I've just realised that Mr Diamante, with his ability to see through solid glass, might actually have a useful super power if the glass were opaque.

Damn! Back to the drawing board...


----------



## Pyar (Jul 14, 2009)

*Inker*: The ability to refill the ink in a pen at will. Writers of the world rejoice!


----------



## Ursa major (Jul 14, 2009)

But I bet that, like those of the best superheroes, Inker's life will go to pot....


----------



## Moonbat (Jul 14, 2009)

I would have the ability to turn any solid food substance into soup.

I'd be called....

Wait for it....

You guessed it Souperman!

Sorry. I feel ashamed now.


----------



## Moonbat (Jul 14, 2009)

An honestly useless superpower. I don't think its entirely useless but

I'd like the ability to echo-locate through the awesome audio power of my farts. 

They wouldn't smell bad, they would just be very trumpety. Like they are in real life.


----------



## Interference (Jul 14, 2009)

That would be Tooterman, then, would it, MB?


----------



## Ursa major (Jul 14, 2009)

Where would you go to practice with the help of a master? A Toot-Aural?


----------



## Rippers (Jul 14, 2009)

Ursa major said:


> Where would you go to practice with the help of a master? A Toot-Aural?



We can gas on about this all night, but I agree this would be a ripper of an idea.


----------



## nj1 (Jul 14, 2009)

Instaed of a spidy sense like spiderman, maybe he could 'smell something brewing'

Sorry


----------



## Rippers (Jul 15, 2009)

reiver33 said:


> Oh, and my Superhero name would be 'Mr Diamante'



Beautifully camp.


----------



## nj1 (Jul 15, 2009)

i'd like the power to be able to pull any book i want from a bag, i'd never have to buy a book again, also, when fighting crime i could pull out copies of the encylopedia and bash bad guys with them.

not sure of a name yet tho


----------



## Interference (Jul 15, 2009)

Hardback


----------



## Ursa major (Jul 15, 2009)

And if you also solved crime, nj, you could be _*Biblio-'tec*_.






(Best not be Belgian, though: that's been done before.)


----------



## AE35Unit (Jul 15, 2009)

How about a super hero worm,Book Worm, has a big red B on his err chest. His mission to encourage more people to switch off the TV and read. (Strangely enough you can actually buy super worms as food for your exotic pet)


----------



## Ursa major (Jul 15, 2009)

And I suppose Bookworm's cathcphrase, when confronting a criminal, would be: "You're living on burrowed time!"

Or:

"Time to turn over a new leaf!"

or

"Book him, Danno!" _(though you'd need a sidekick for this one; and a copyright lawyer)_


----------



## mosaix (Jul 15, 2009)

The ability to remotely induce loud farting in another person.

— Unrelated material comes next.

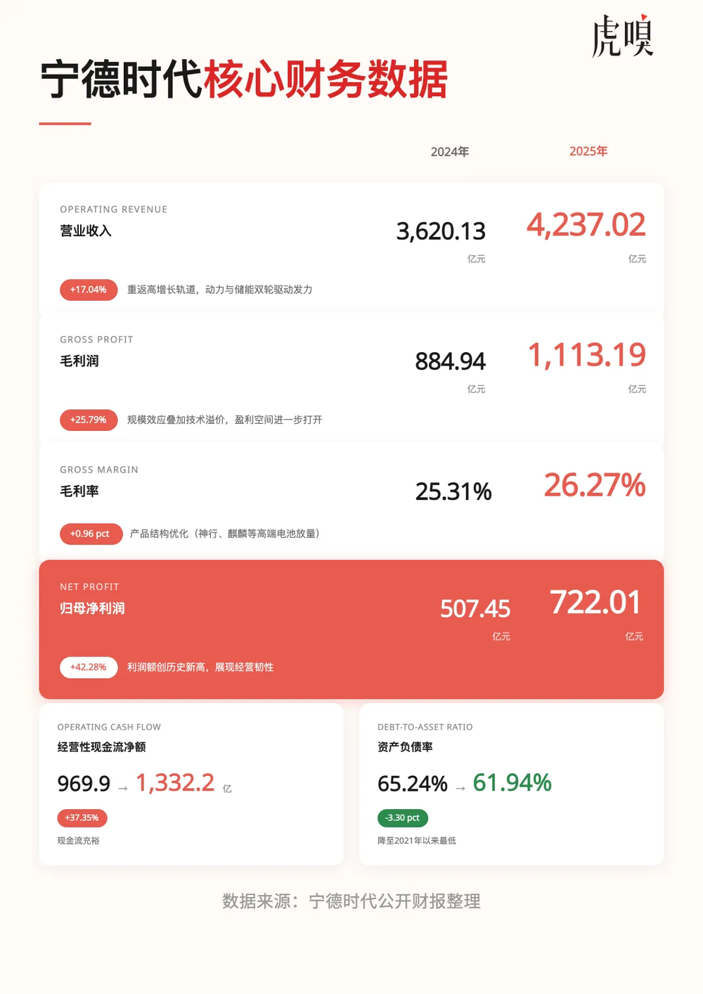 宁德时代公布2025年财报后,市场习惯性地寻找那些跳跃的数字:营收增长多少,利润增加几何,现金流是否充沛。这些数字都很漂亮,但真正值得追问的不是宁德时代赚了多少钱,而是为什么在全行业充满焦虑的2025年,它依然保持从容。
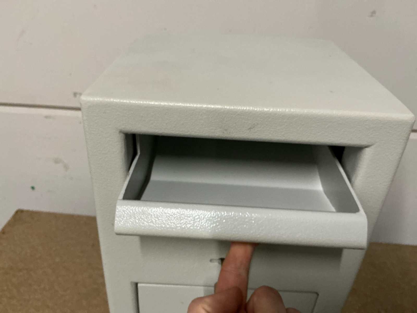 Volledig werkend, 2 sleutels aanwezig. No Model: Peine Product type: Kluis Gewicht: 27kg Materiaal: Staal

Useful when used on politicians during a speech at a party conference, news readers (esp. female) delivering a solemn news item, sportsmen at a crucial moment (taking a penalty, serving for the match at Wimbledon), policemen trying to book you for speeding or traffic wardens trying to issue you with a parking ticket.

And any others you can think of.


----------



## reiver33 (Jul 20, 2009)

...and thus the Chronos League of Just Ice (Smirnoff Chaper) was born!


----------



## dustinzgirl (Jul 20, 2009)

I would really like the super power of blinking my eyes and having a clean house. That would be awesome.


----------



## Interference (Jul 20, 2009)

Doesn't sound daft enough, Dusty - in fact ....


----------



## nj1 (Jul 20, 2009)

I want the power to stop fizzy cans exploding when opened, not other peoples, just mine. When it happens to others it's fun to watch


----------